The next day, we took a day trip by train to the coastal town of Pontevedra, known for its charming medieval squares and many bridges. The journey took around 30 minutes and it was only 20 Euros for both return tickets. Views from the window showed lush green land. Galicia truly seems to be like the British Columbia of Spain!
On return to our hotel in Santiago de Compostela that evening, we would learn that the Queen had passed away. I suppose I felt a little more indifferent to this news than some Brits, but what’s for sure is that we will always think of Santiago de Compostela whenever we remember hearing this historic news!

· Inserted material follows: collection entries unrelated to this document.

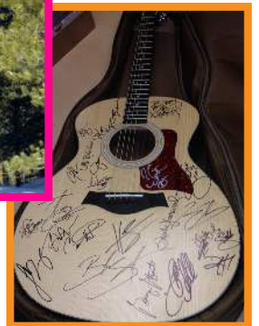
This year's gala boasts of fantastic live and silent auction items including a cabin stay in Breckenridge, Colorado; a guitar signed by over 15 major country artists including Tim McGraw, Lady Antebellum, and Garth Brooks; and a Kenyan safari. Pre-bidding will be available soon.
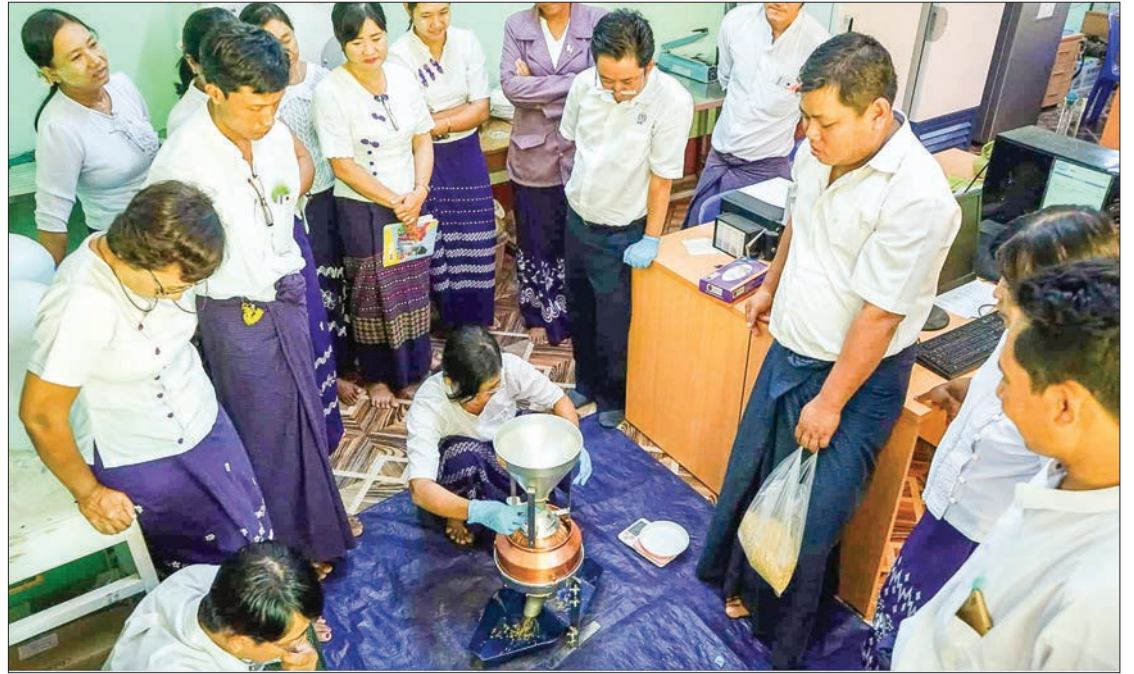
Officials from the Agricultural Department conducts agricultural training courses in cooperation with the Japan International Cooperation Agency.
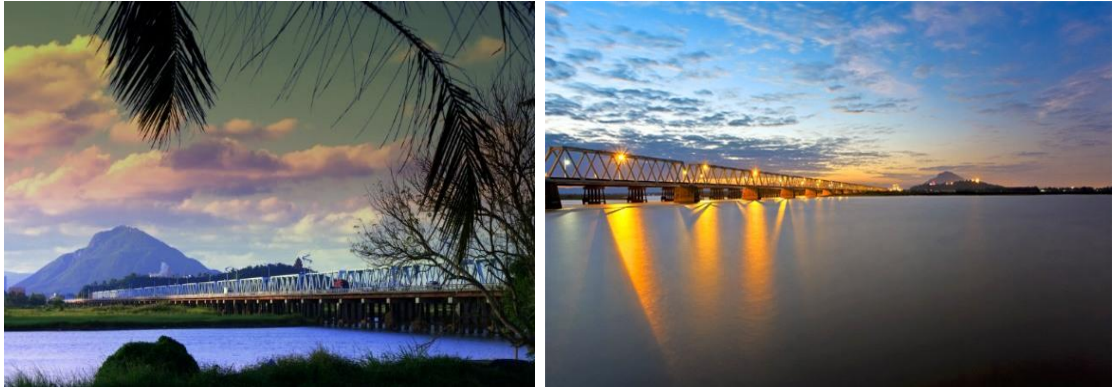
Figure 6. Rang Bridge crossing Ba River

Nhan mountain, Ba river, it creates a unique landscape. The bridge is considered one of the symbols of Phu Yen, Tuy Hoa (Figure 6).

We had dinner on the leafy terrace of a laid-back restaurant inside Casa Felisa hostel on Rúa da Porta da Pena. It was 40 Euros for two drinks and two meals that included sea bass and beef. The downside for people that aren’t used to eating dinner so late is that it’s hard to fall asleep when it feels like your stomach is still full to the brim…
On the Friday, we were leaving for Lugo in the afternoon. We spent the morning sitting in the square with our luggage, relaxing under the sun. For breakfast we chose to dine at Café Carrilana on Rúa de San Paio de Antealtares. A more modern and youthful café, it served yummy eggs bennies and fresh orange juice that was actually freshly juiced and not from a carton. A large group of people comprising of individuals from all around the world were sat at a table nearby. It seemed that they had met during the hike and, having formed strong bonds, were having a final meal together before everyone went their separate ways. After a German man said his goodbyes to everyone, an Irish woman quietly left the table to walk out of sight with him and say a more personal goodbye. Maybe they will see each other again, maybe not.
There was something truly joyful and uplifting about our time in Santiago de Compostela. We encountered so many friendly people – locals and fellow tourists. With all the hostile events going on around the world, we all need some amiable connections to remind us of the goodness in others. If you’re interested in visiting Spain and experiencing authentic culture, choose Santiago!